西田天香(1872〜1968)

西田天香は、明治五年滋賀県長浜の商家に生まれました。二十歳にして長浜地方の小作百姓家族と率いて北海道に渡り、500ヘクタールの土地の開拓事業に従事し、その将来は事業家としても大いに嘱望されましたが、開拓事業をす すめる中で起こった資本主(出資者)と現地耕作者との間に生じた利害の対立、争いに直面して、天香は大いに苦悩し、それを契機として、より深く人間の生きる姿、根本にある宿業の醜さをみつめ、一転してついに開拓事業そのものを他に委ね、人間としての争いのない生き方を求めて求道の日々を重ねたのでした。

 そして、とうとう「争いの因となるものは食べまい」と決意し、三日三晩の断食籠坐の果て、赤ん坊の泣き声を耳にして大霊覚、そこに争わずとも恵まれる食があること、生命の原点を見出し、世にいわゆる「一燈園生活」を創めたのでした。

 それは、無一物・路頭を原点としての懺悔・下座の奉仕、許されて生きる「托鉢」の生活であったのです。その事実に立って大正10年「懺悔の生活」が出版されるや、西田天香と一燈園の名は 一挙に世に知れるにいたり、多くの人が道を求めて天香のもとに集まるようになりました。

 大正8年、第一次世界大戦後、国際連盟発足と同時に、生活の中からの平和を願って六万行願(お便所の掃除の祈り)をはじめ、また大正の終わりから昭和にかけて、日本各地のみならず、当時の朝鮮半島から満州(中国東北地区) 、更には中国本土に、そして又アメリカ各地、ジャワ島にも請われて同行者と共に渡り、徹底した下座の路頭托鉢をしています。その故に当地の人々から天香は、日本の聖フランシスコとも、日本のガンジーとも称されたのでした。
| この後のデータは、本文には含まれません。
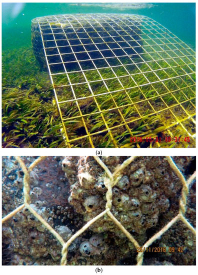 48 Biorock Anti Wave reefs were deployed in the sea grass beds in front of the eroding beach in January 2016. They were arrayed in twelve groups of four, each group powered by a single power supply located 100 m away on land, connected by electrical cables dug into the sand (Figure 3 and Figure 4a–d). They grow thickest at the bottom, and thinnest on top. The bottom 10–20 cm of the structures were always submerged at low tide, but above this they were exposed to the air for various periods, depending on the tidal cycle. Since structures grow only when and where submerged in salt water, the bottoms are always growing, while the top grows only when submerged, about half of the time. The gabion baskets were deployed in a grid pattern (visible from aerial images below) at low tide in shallow sand, seagrass, and coral rubble.
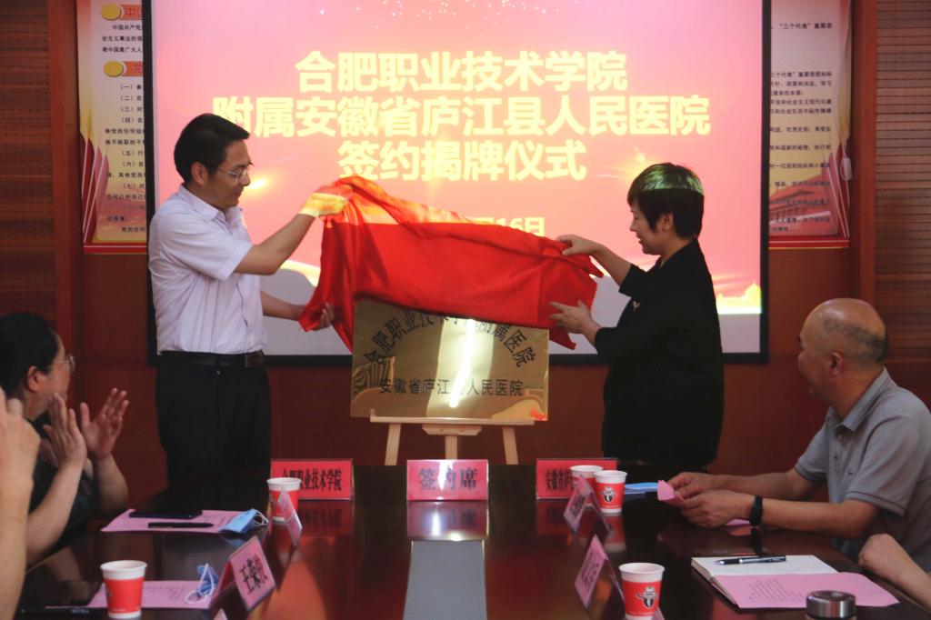 7月16日上午,伟德官网第二所附属医院“伟德源自英国1946附属医院安徽省庐江县人民医院”签约揭牌仪式在庐江县人民医院隆重举行。这是校院双方深入贯彻安徽省“十四五”教育事业发展规划,拓展医教协同“朋友圈”,加快学校地方技能型高水平大学建设,促进我市县域卫生与健康事业发展迈出的坚实步伐。为进一步做优伟德官网医学类专业,推进医学生“早临床、多临床、反复临床”,后期将在联合办学、临床实践教学、双方师资培养、教学能力培养、教育科研等方面深化合作,做实做远。
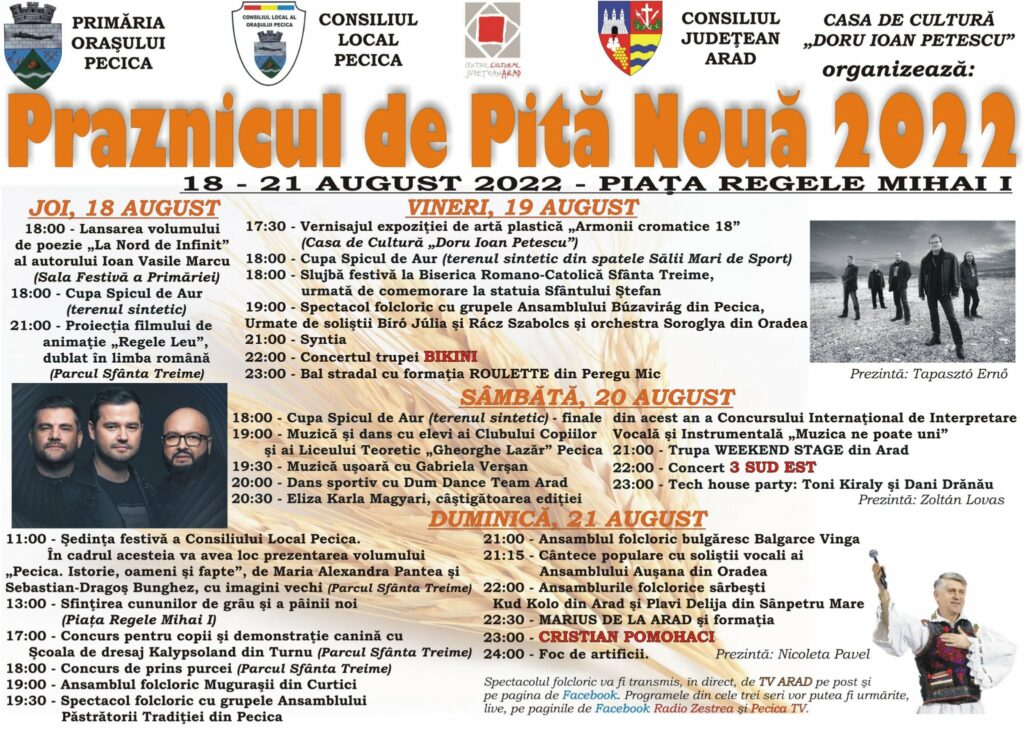 Continuăm tradiția şi ne bucurăm de recolta din acest an printr-o sărbătoare a întregii comunităţi. Începând de joia viitoare, până duminică noaptea, celebrăm Praznicul de Pită Nouă, cea mai cunoscută sărbătoare a noastră.Am pregătit un şir de programe dedicate tuturor generaţiilor şi aşteptăm pecicanii, tornenii, sederhătenii şi bodroganii, precum şi toţi cei care vor să fie alături de noi!
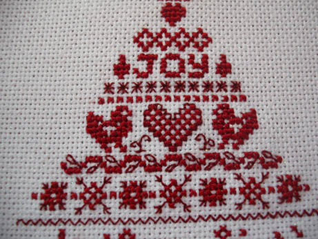 I am stitching this on very fine count sparkly evenweave (think it is about 28 count) with only one strand of Silk Mill thread and all the backstitching and contrast rows are being done in a dark red sewing cotton it is that small-scale! I am very pleased with it, will change the bottom of the design I think and put another heart in and then make it up as a hanging ornie for the tree.
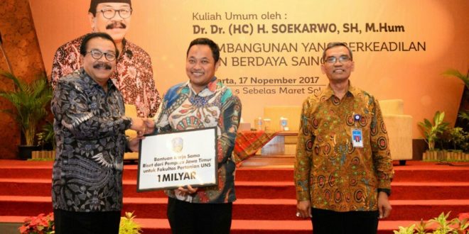 Dalam kesempatan ini, Gubernur Jatim juga memberikan bantuan kerjasama riset senilai Rp 1 miliar kepada Fakultas Pertanian UNS, serta memberikan bantuan pengolahan pupuk organik berupa 1 unit granulator dan 1 unit coper. (Haludin Ma’waledha)
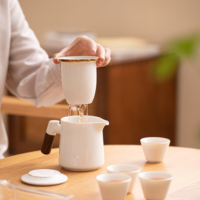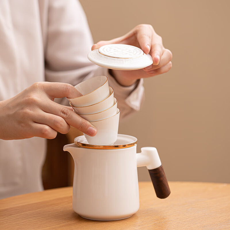 苏氏陶瓷(SUSHI CERAMICS)J1033描金羊脂玉瓷手柄快客杯旅行包茶具(单位:套)
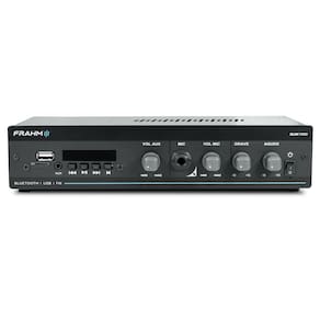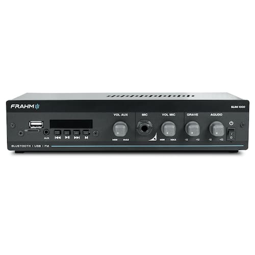 O amplificador Slim 1000 App G5 da Frahm possui 40 Watts RMS de potência e é ideal para pequenos ambientes. Possui entradas USB, SD Card, auxiliar (RCA), Microfone, Rádio FM e Bluetooth.

 このような祈りと生活を共にする中で、やがて一つの生活共同体ができ、昭和4年、京都・山科(現在地)に、宣光社形態の「光泉林」が財団法人として認められことになりました。そこでは印刷出版の事業をはじめ設計建築、農事研究所の他、劇団としての「すわらじ劇団」や幼稚園から高等学校までを含む教育機関をもち、路頭を基本としての 俗諦成就の生活を試みています。

 西田天香その人は、昭和43年(1968)2月29日、96歳をもって帰光(逝去)しました。